La arquitectura, el tercer educador en el salón de clases

La arquitectura, el tercer educador en el salón de clases

La Dra. Paula Cardellino, arquitecta y docente investigadora de la Facultad de Arquitectura de ORT, impulsa la idea de que el diseño de las escuelas es un factor importante en el proceso de aprendizaje.

Fecha: 05/09/2018

En 2004, el entonces primer ministro británico Tony Blair anunció que el gobierno implementaría Building Schools for the Future (BSF), un programa millonario con el fin de rediseñar las escuelas secundarias de aquel país y permitir la transformación educativa. Cinco años después del anuncio, la arquitecta y docente investigadora de la Universidad ORT Uruguay, Paula Cardellino, trabajaba y estudiaba en el Reino Unido y decidió analizar las conceptualizaciones de la calidad del diseño enmarcados en el programa BSF.

Una década después, y ya de regreso en Uruguay, Cardellino sigue trabajando en la misma línea de investigación, pero busca aplicar sus conocimientos al diseño arquitectónico de escuelas a Uruguay sobre el entendido de que en el proceso de aprendizaje también intervienen las características del entorno. Sobre esa base se construye la idea de que, además de la interacción entre alumnos y docentes dentro del aula, el espacio puede llegar a ser un tercer educador.

Si bien la arquitecta reconoce que el diseño no es el único factor que incide, afirma que constituye una parte muy importante para comenzar a concebir un nuevo sistema educativo.

¿En qué momento comenzaste con el estudio del diseño arquitectónico de escuelas y de sus aulas?

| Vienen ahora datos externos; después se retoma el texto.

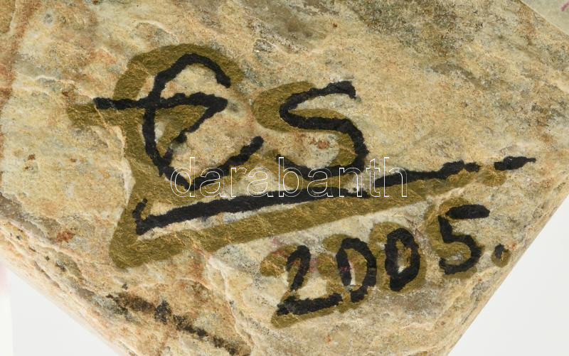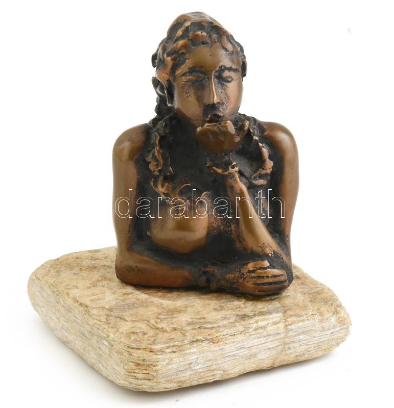 Csóka Zsuzsanna: Tenyérből fújt üzenet. Bronz, kőtalapzaton, jelzett, m: 14,5 cm

Hace casi nueve años que trabajo en ORT como docente investigadora en la Facultad de Arquitectura, donde  lidero la línea que investiga los espacios físicos para la educación. Sin embargo, fue durante mis siete años de residencia en el Reino Unido —entre 2003 y 2009— que logré consolidar mi área de interés trabajando como investigadora y, al mismo tiempo, estudiando el Máster en Edificios Inteligentes, en University of Reading.

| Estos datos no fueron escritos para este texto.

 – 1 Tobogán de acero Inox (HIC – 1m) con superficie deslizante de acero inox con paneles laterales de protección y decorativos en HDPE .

El contenido del curso implicaba analizar cómo el diseño edilicio, junto con el uso de la tecnología, podía responder de forma eficaz y eficiente a las necesidades de los usuarios. Ya de regreso a Uruguay, realicé el Doctorado en Arquitectura y Urbanismo en la Universidad del Bío Bío, de Chile, y elegí enfocarme en el estudio del espacio como un tercer educador.

¿Cuál fue tu idea desde el principio: investigar para implementar proyectos en el exterior o traer esos nuevos conceptos a Uruguay?

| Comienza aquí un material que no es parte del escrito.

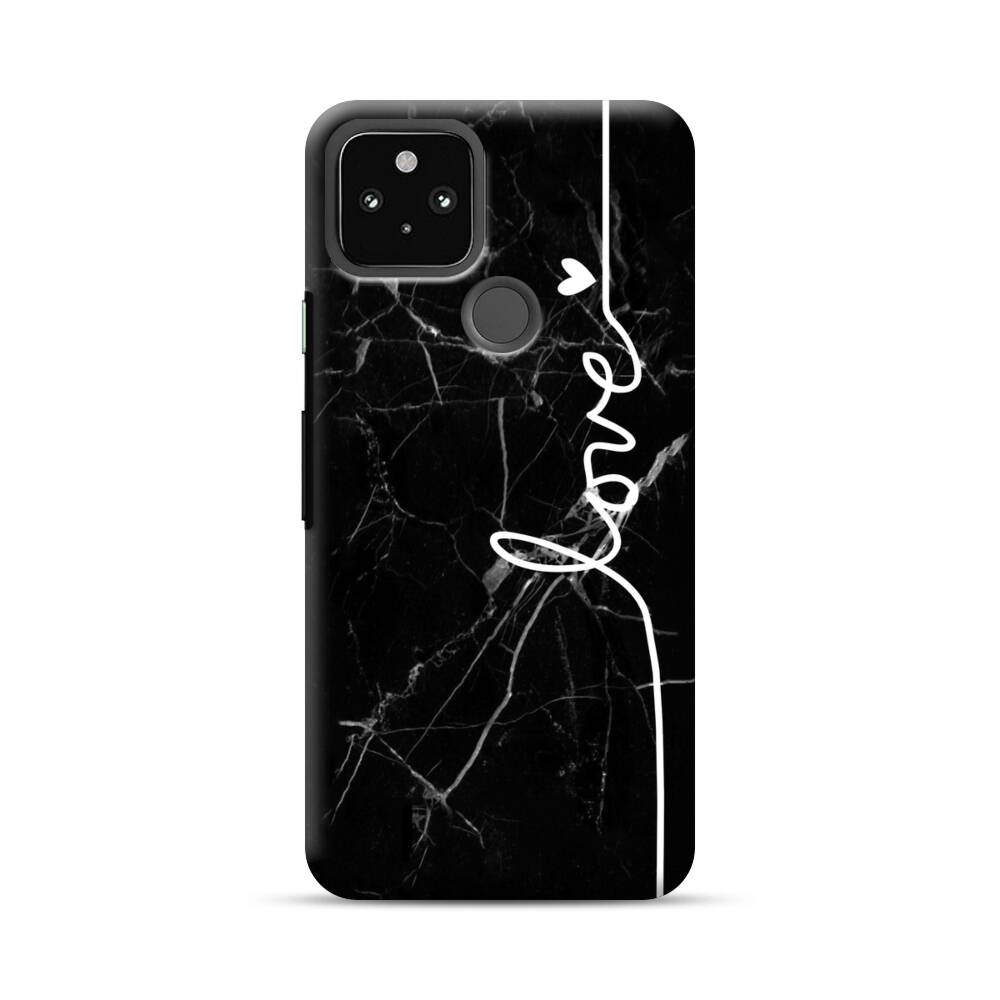 Liebesherz Schwarzer Marmor Google Pixel 5 Hülle● Rundum bedruckbar

La ilusión siempre fue que el conocimiento generado durante todos estos años de investigación se pudieran utilizar o implementar en Uruguay. Lo que me ha costado muchísimo es que se entienda la verdadera importancia que el espacio tiene para la educación, porque constituye otro factor que ayuda en la transformación y mejora de la educación.

Internacionalmente se reconoce la importancia y relevancia de este tipo de investigación. Recién ahora en Uruguay está empezando a surgir interés, por ejemplo, por parte de sectores de la Administración Nacional de Educación Pública (ANEP).

¿De qué manera se está involucrando la ANEP en el asunto?

En un primer momento estaba solo yo. Sin embargo, cuando me quise presentar a un llamado de la Agencia Nacional de Investigación e Innovación (ANII) para el cual necesitaba tener algún tipo de vinculación con las escuelas públicas del país, me puse en contacto, a través de la ANEP, con una persona que trabaja en la parte de infraestructura educativa.

Mostró interés en entender la cuestión vinculada al espacio educativo como tercer educador y me dijo que había una tendencia dentro de la ANEP para investigar lo mismo.

El organismo ofreció tres investigadores y nos presentamos al llamado en conjunto con la Pontificia Universidad Católica de Chile, cuya Facultad de Educación está desarrollando una aplicación mobile que intenta que el docente sea consciente de cómo utilizar el espacio y por ende pueda hacerlo a su favor.

¿Cómo funciona esa aplicación?

Es una aplicación móvil que desarrollaron en Chile y que se llama Modelamiento del Ambiente Físico del Aprendizaje (MAFA). Su objetivo es formar comunidades virtuales de docentes, en las que se discute la forma como se utilizan los espacios educativos, y se comparten registros y vivencias  para asistir en la transformación de los espacios en tercer educador.

Sirve para compartir experiencias y que los docentes puedan, por ejemplo, implementar en sus salones lo que funcionó en otros.

¿En qué consiste el llamado de ANII al que se presentaron?

Es un llamado de la ANII y la Fundación Centro Ceibal para el Estudio de las Tecnologías Digitales en la Educación. Es la cuarta edición de la modalidad “Inclusión digital: educación con nuevos horizontes” del Fondo Sectorial de Educación.

Se financian proyectos hasta $ 2.900.000 para llevar adelante investigaciones en el ámbito de la enseñanza y el aprendizaje mediados por tecnologías digitales, que puedan estar vinculados a aspectos sociales o educativos del Plan Ceibal.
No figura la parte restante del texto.